Art Rolnick, a former research chief at the Minneapolis Fed whose early career overlapped with Sargent's at the University of Minnesota, said other economists initially dismissed the rational expectations theory because central banks a half century ago had not built a track record of trying to control inflation.

Running through the list of Fed leaders since the 1970s, Rolnick said, "Over the years now, because of Volcker and continued with Greenspan, Bernanke, Yellen and now Powell, there's been a commitment that we will lower inflation and keep it low. That's the best thing we can do for the economy. And it looks pretty good right now for that theory."

Tyler Cowen, the polymath economist at George Mason University, called it early, with a column in July 2023 for Bloomberg headlined "Divided Public Believed Enough in Fed to Avoid A Recession." He wrote, "If the central bank announces a lower inflation target, and most people believe the central bank, wages and prices adjust in rough sync with demand."

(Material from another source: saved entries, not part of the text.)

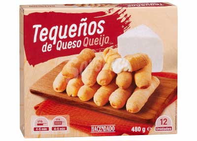 Los tequeños de Mercadona son un producto congelado que vas a poder encontrar en las neveras de aperitivos congelados y se presentan en un estuche de cartón en el que vienen 12 unidades. El precio de los tequeños congelados de Mercadona es 4,90€ (mayo 2024) y el peso del producto es de 480 gramos. El relleno de los tequeños de Mercadona es queso fundente de leche de vaca.
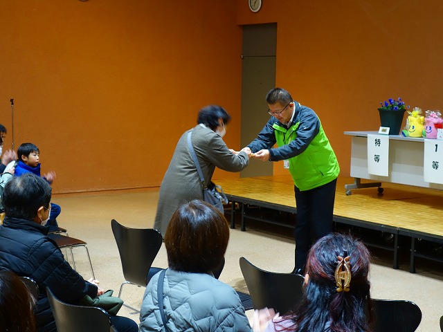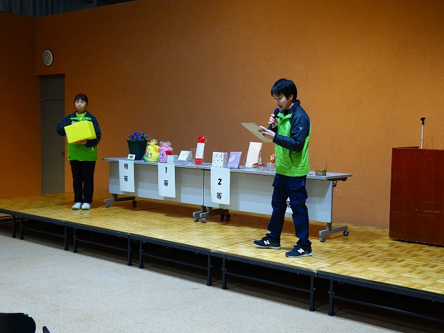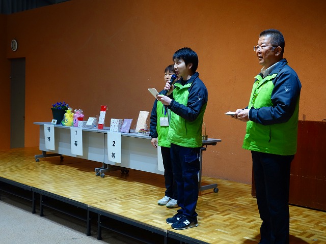 次は「お楽しみ抽選会」!特賞から3等まであるよ!賞品は15種類35人が当選だよ!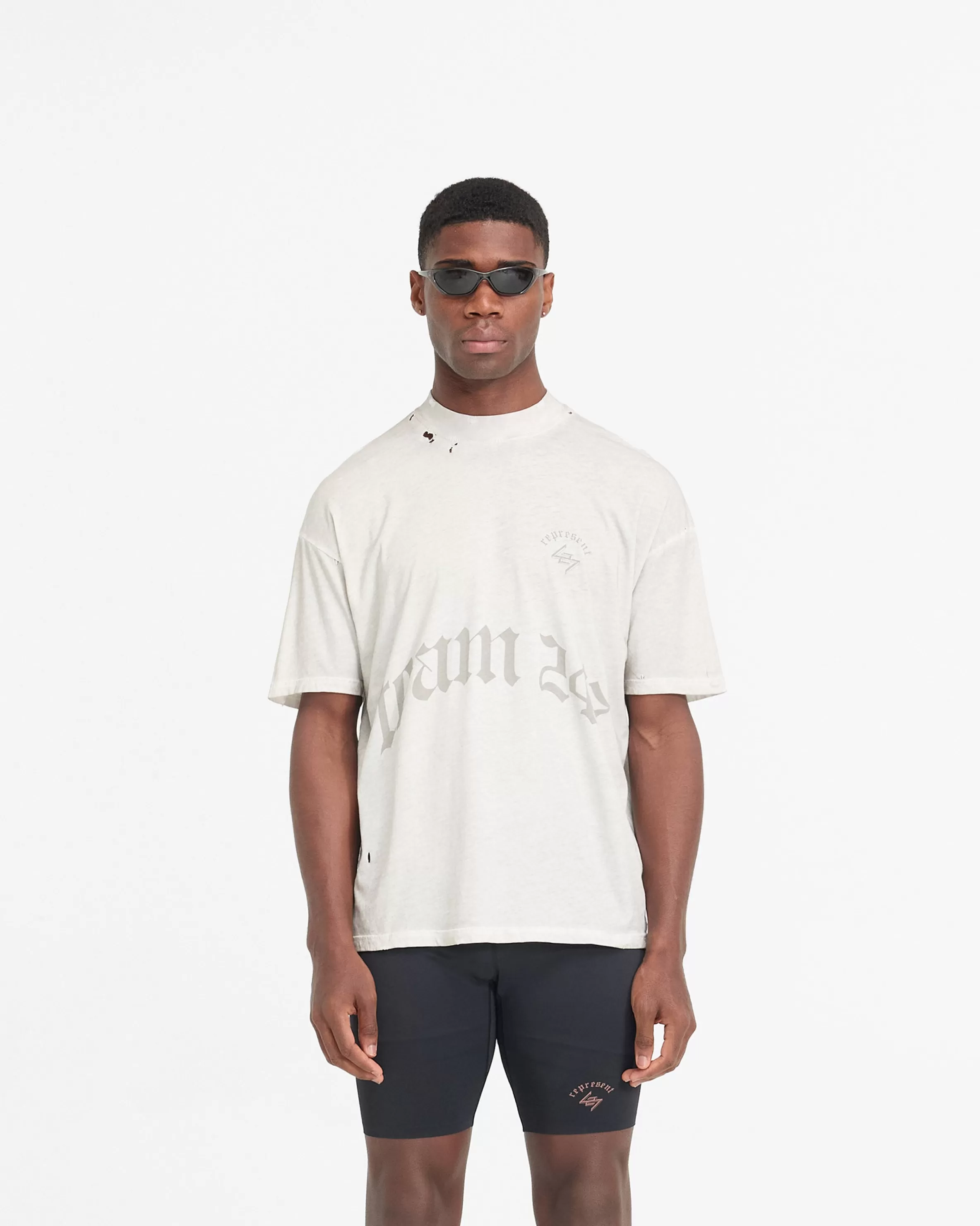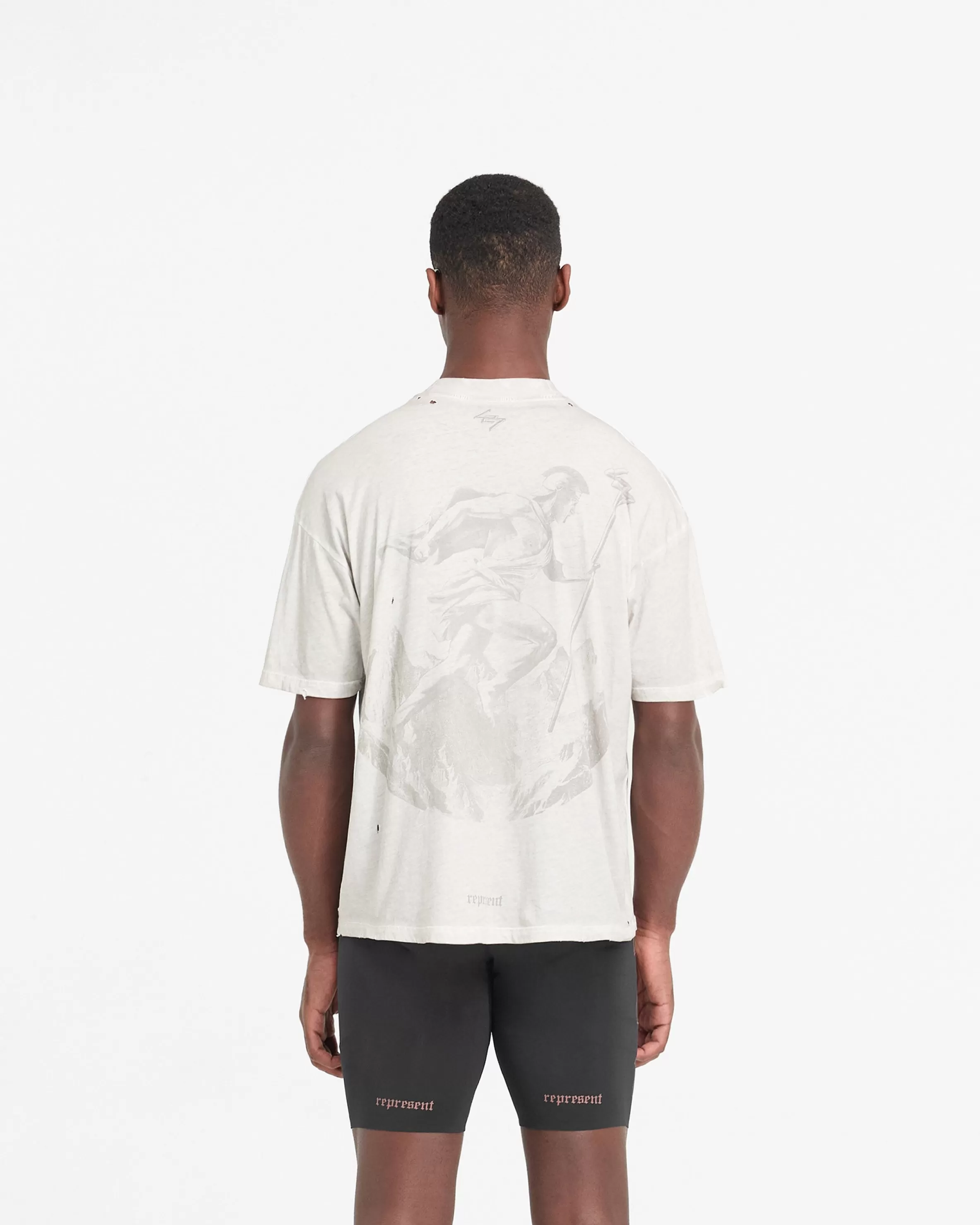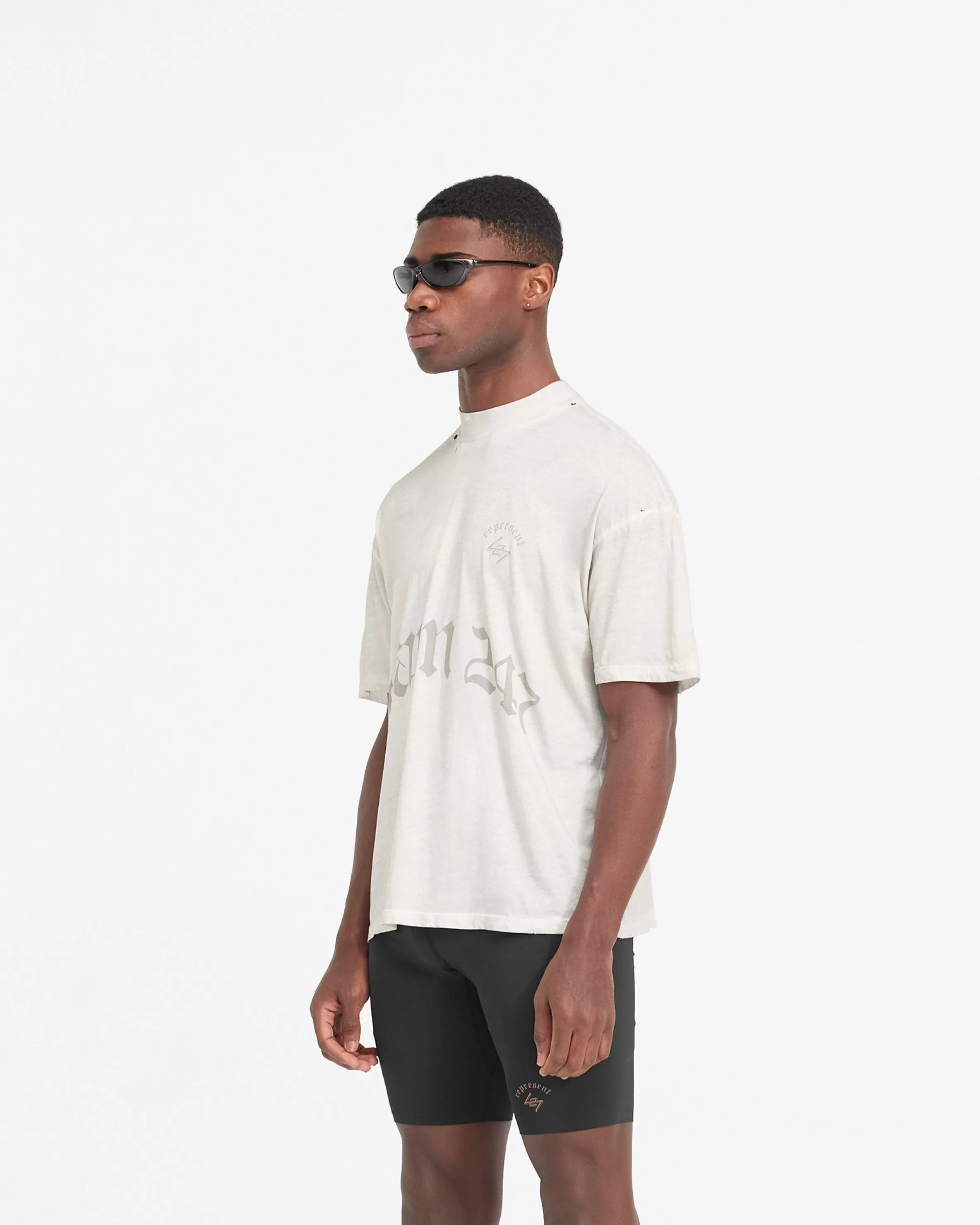The WG247 T-Shirt in Washed Bleach is built to perform, with a meticulously detailed vintage aesthetic. The t-shirt is crafted from a lighter weight natural jersey cotton which allows air to circulate, affording a high degree of breathability and thermoregulatory properties, with a slightly oversized fit. It has a vintage wash to the fabric, and our gothic inspired typography graphics; with Team 247 and 247 logo to the front, Represent to the back hem, and a Spartan warrior design to the back, representing the pursuit of greatness embodied by the 247 mission. The t-shirt is finished with distressing details to the collar, hem, shoulders and under arm. WG247 T-Shirt Slightly Oversized Washed Bleach Vintage 247 Typography Spartan Graphic Heavy Distressed Details Breathable u0026amp; Lightweight Composition: 100% Cotton Note: Due to the manual washing process of this garment, there will be slight discrepancies in hue and wash between pieces. Model is 190cm and 77kg wearing size MProduct

Fed Chair Jerome Powell didn't mention the importance of expectations management until last month. In a speech to other central bankers and economists at their annual gathering in Jackson Hole, Wyoming, Powell said the rational expectations theory hadn't been tested in more than 20 years because there's been no significant inflation in that time. "It was far from assured" people would believe the Fed, or "anchor" their expectations, Powell said.

"Disinflation while preserving labor market strength is only possible with anchored inflation expectations, which reflect the public's confidence that the central bank will bring about 2% inflation over time," Powell said. "That confidence has been built over decades and reinforced by our actions."